▶ [DATA PROVIDED]:
++++

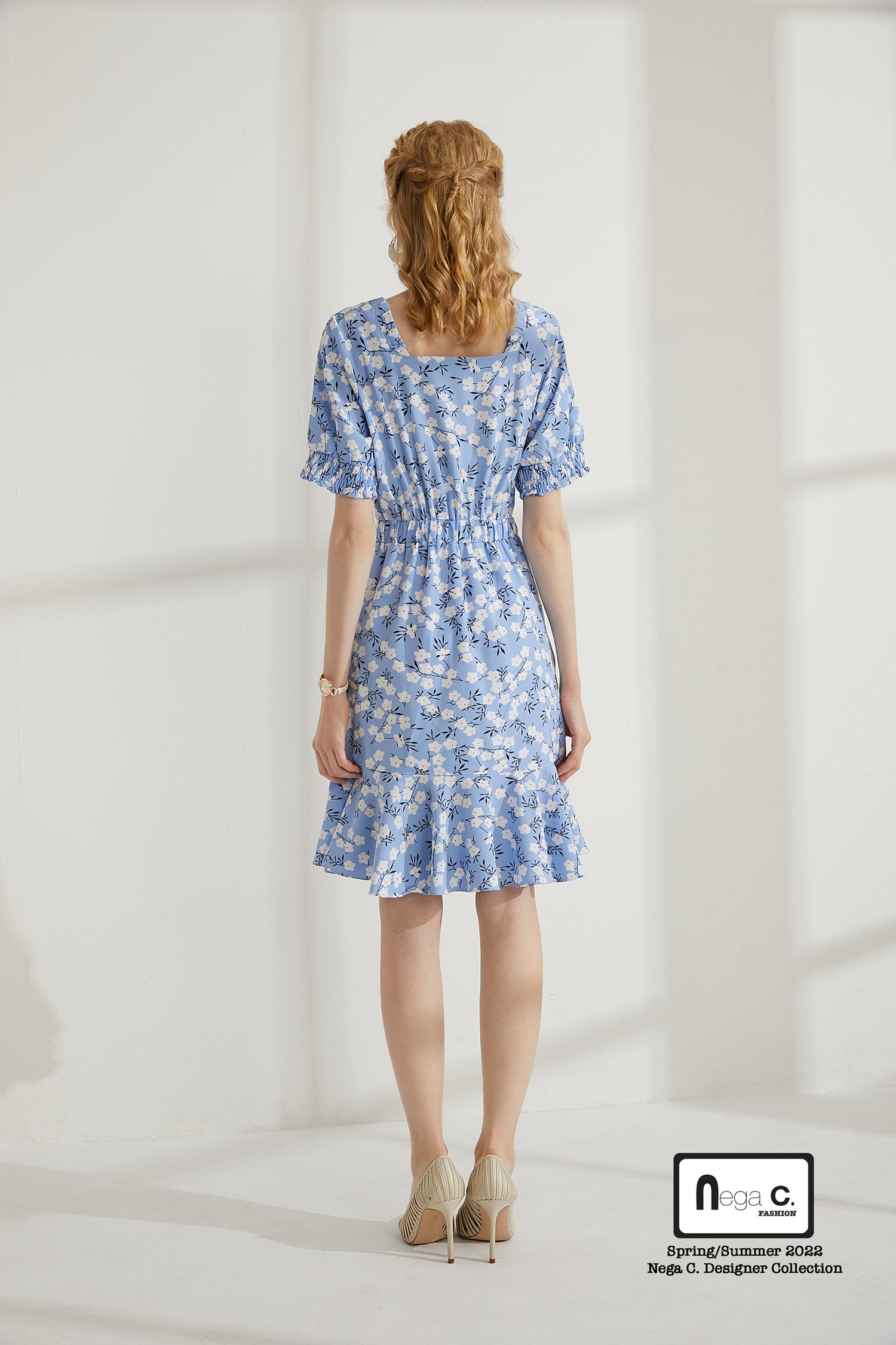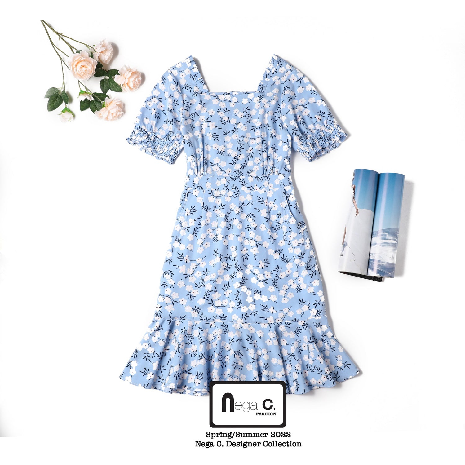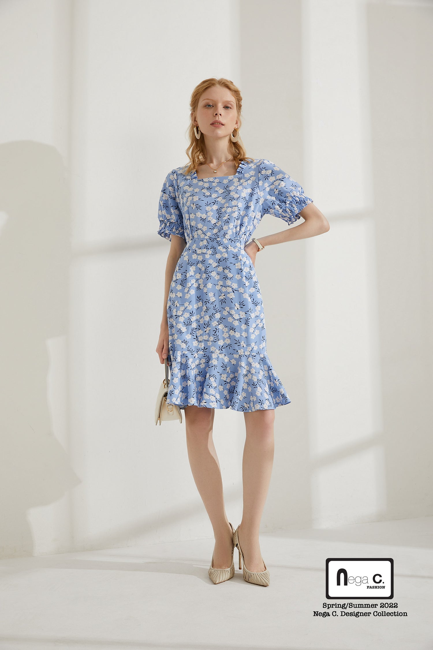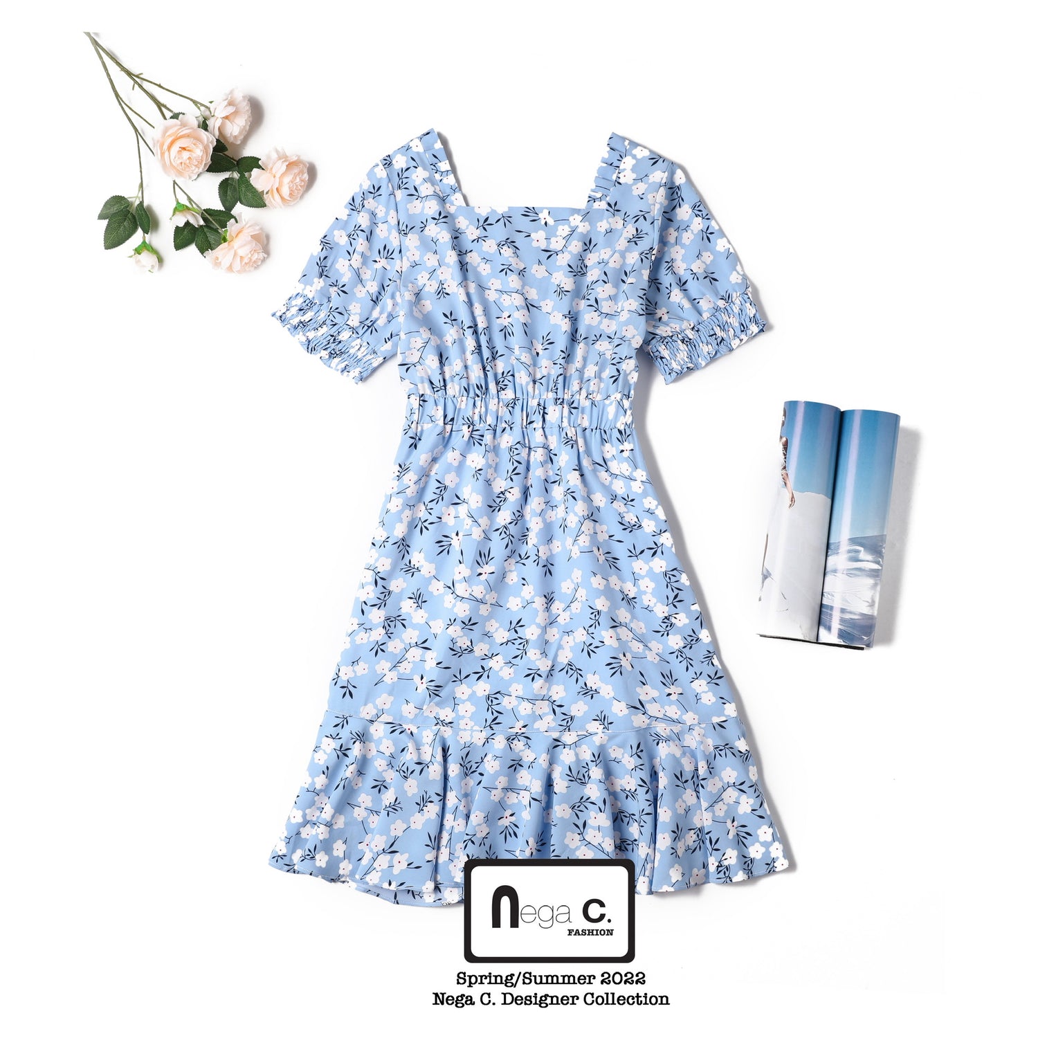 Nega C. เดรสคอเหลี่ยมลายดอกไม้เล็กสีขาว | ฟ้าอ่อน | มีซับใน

++++

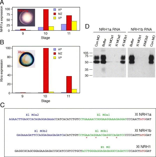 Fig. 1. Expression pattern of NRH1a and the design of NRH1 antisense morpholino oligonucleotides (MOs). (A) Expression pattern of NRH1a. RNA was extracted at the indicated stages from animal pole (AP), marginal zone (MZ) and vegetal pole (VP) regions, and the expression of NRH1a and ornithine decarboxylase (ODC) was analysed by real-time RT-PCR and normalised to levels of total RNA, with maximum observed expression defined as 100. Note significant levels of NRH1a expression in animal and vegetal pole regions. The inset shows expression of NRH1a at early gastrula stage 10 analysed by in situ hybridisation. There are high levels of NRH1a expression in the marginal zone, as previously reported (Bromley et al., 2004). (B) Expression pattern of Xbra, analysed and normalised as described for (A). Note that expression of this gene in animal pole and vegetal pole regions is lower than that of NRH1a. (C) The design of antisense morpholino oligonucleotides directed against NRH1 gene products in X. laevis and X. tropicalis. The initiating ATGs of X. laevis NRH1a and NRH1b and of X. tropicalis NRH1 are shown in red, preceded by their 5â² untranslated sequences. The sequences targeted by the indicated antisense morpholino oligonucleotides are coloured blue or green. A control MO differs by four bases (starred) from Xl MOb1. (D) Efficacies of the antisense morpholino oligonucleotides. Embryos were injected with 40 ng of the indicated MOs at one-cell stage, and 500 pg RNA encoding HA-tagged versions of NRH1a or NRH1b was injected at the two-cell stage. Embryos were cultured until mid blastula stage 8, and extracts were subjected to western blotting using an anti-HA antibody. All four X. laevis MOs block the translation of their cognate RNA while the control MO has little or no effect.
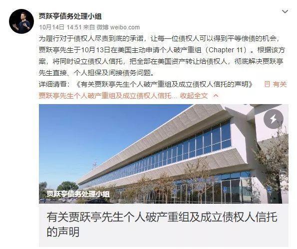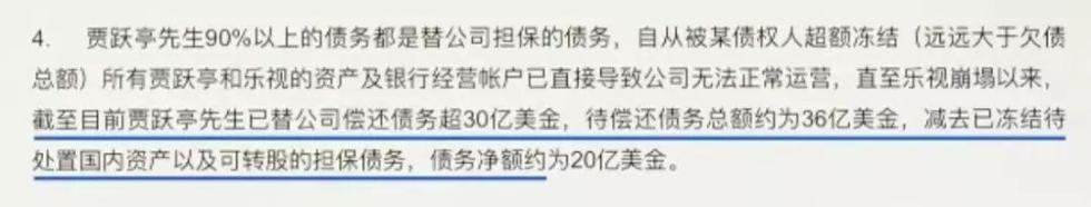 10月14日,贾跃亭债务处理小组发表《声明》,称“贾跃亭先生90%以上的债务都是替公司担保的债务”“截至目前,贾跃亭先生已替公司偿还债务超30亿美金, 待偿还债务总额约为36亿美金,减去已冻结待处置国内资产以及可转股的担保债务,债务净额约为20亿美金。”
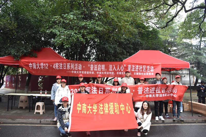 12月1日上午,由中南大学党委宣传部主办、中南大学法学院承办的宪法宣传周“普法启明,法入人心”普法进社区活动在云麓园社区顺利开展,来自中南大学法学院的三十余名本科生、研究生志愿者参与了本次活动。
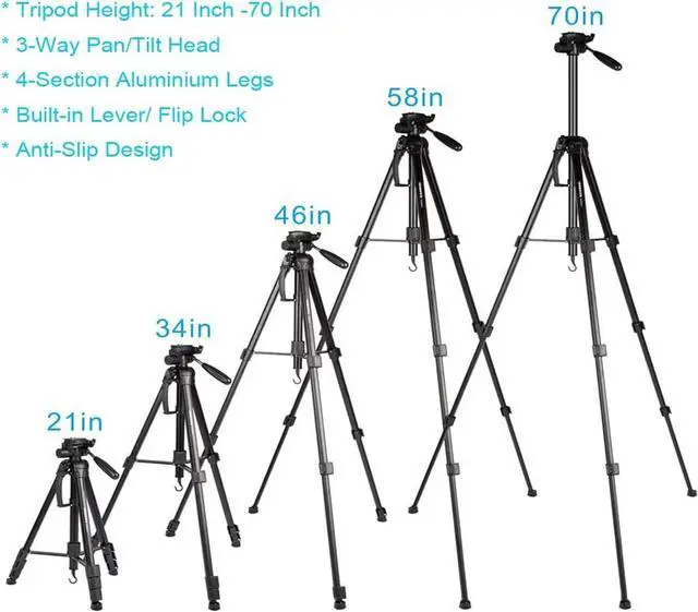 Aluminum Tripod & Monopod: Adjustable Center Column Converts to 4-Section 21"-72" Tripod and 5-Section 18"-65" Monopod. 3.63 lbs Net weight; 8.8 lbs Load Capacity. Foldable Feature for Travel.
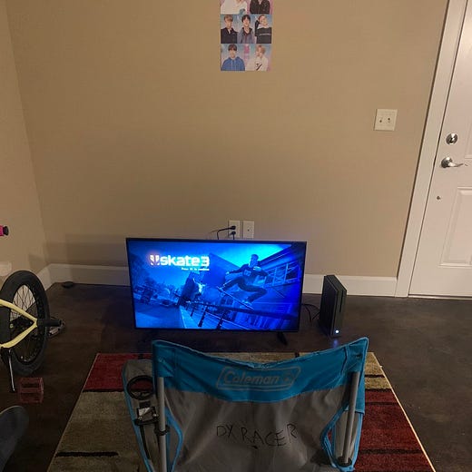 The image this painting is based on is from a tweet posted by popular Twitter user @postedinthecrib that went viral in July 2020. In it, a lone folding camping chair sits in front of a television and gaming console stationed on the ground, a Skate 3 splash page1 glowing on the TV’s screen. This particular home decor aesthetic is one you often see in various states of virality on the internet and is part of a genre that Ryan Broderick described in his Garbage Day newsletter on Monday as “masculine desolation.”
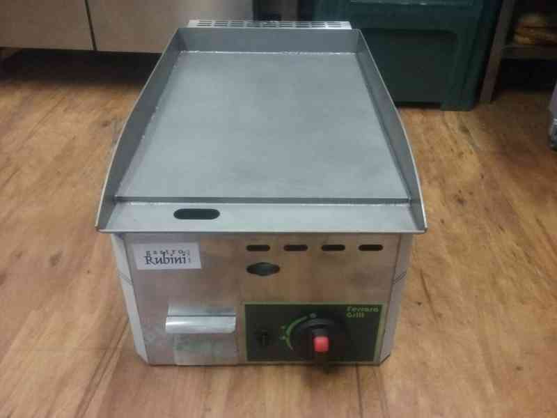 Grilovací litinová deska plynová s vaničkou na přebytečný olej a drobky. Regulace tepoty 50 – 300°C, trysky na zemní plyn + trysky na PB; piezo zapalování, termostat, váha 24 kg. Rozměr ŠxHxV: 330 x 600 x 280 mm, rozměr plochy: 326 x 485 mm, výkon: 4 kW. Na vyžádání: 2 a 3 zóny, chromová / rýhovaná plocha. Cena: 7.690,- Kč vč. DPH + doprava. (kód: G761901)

++++

▶ [TASK DETAILS]: In the data above, start at the line holding "10月14日,贾跃亭债务处理" and stop after the line holding "The image this"; write out those lines exactly, without pictures.

▶ [EXERCISE RESPONSE]:
 10月14日,贾跃亭债务处理小组发表《声明》,称“贾跃亭先生90%以上的债务都是替公司担保的债务”“截至目前,贾跃亭先生已替公司偿还债务超30亿美金, 待偿还债务总额约为36亿美金,减去已冻结待处置国内资产以及可转股的担保债务,债务净额约为20亿美金。”
 12月1日上午,由中南大学党委宣传部主办、中南大学法学院承办的宪法宣传周“普法启明,法入人心”普法进社区活动在云麓园社区顺利开展,来自中南大学法学院的三十余名本科生、研究生志愿者参与了本次活动。
 Aluminum Tripod & Monopod: Adjustable Center Column Converts to 4-Section 21"-72" Tripod and 5-Section 18"-65" Monopod. 3.63 lbs Net weight; 8.8 lbs Load Capacity. Foldable Feature for Travel.
 The image this painting is based on is from a tweet posted by popular Twitter user @postedinthecrib that went viral in July 2020. In it, a lone folding camping chair sits in front of a television and gaming console stationed on the ground, a Skate 3 splash page1 glowing on the TV’s screen. This particular home decor aesthetic is one you often see in various states of virality on the internet and is part of a genre that Ryan Broderick described in his Garbage Day newsletter on Monday as “masculine desolation.”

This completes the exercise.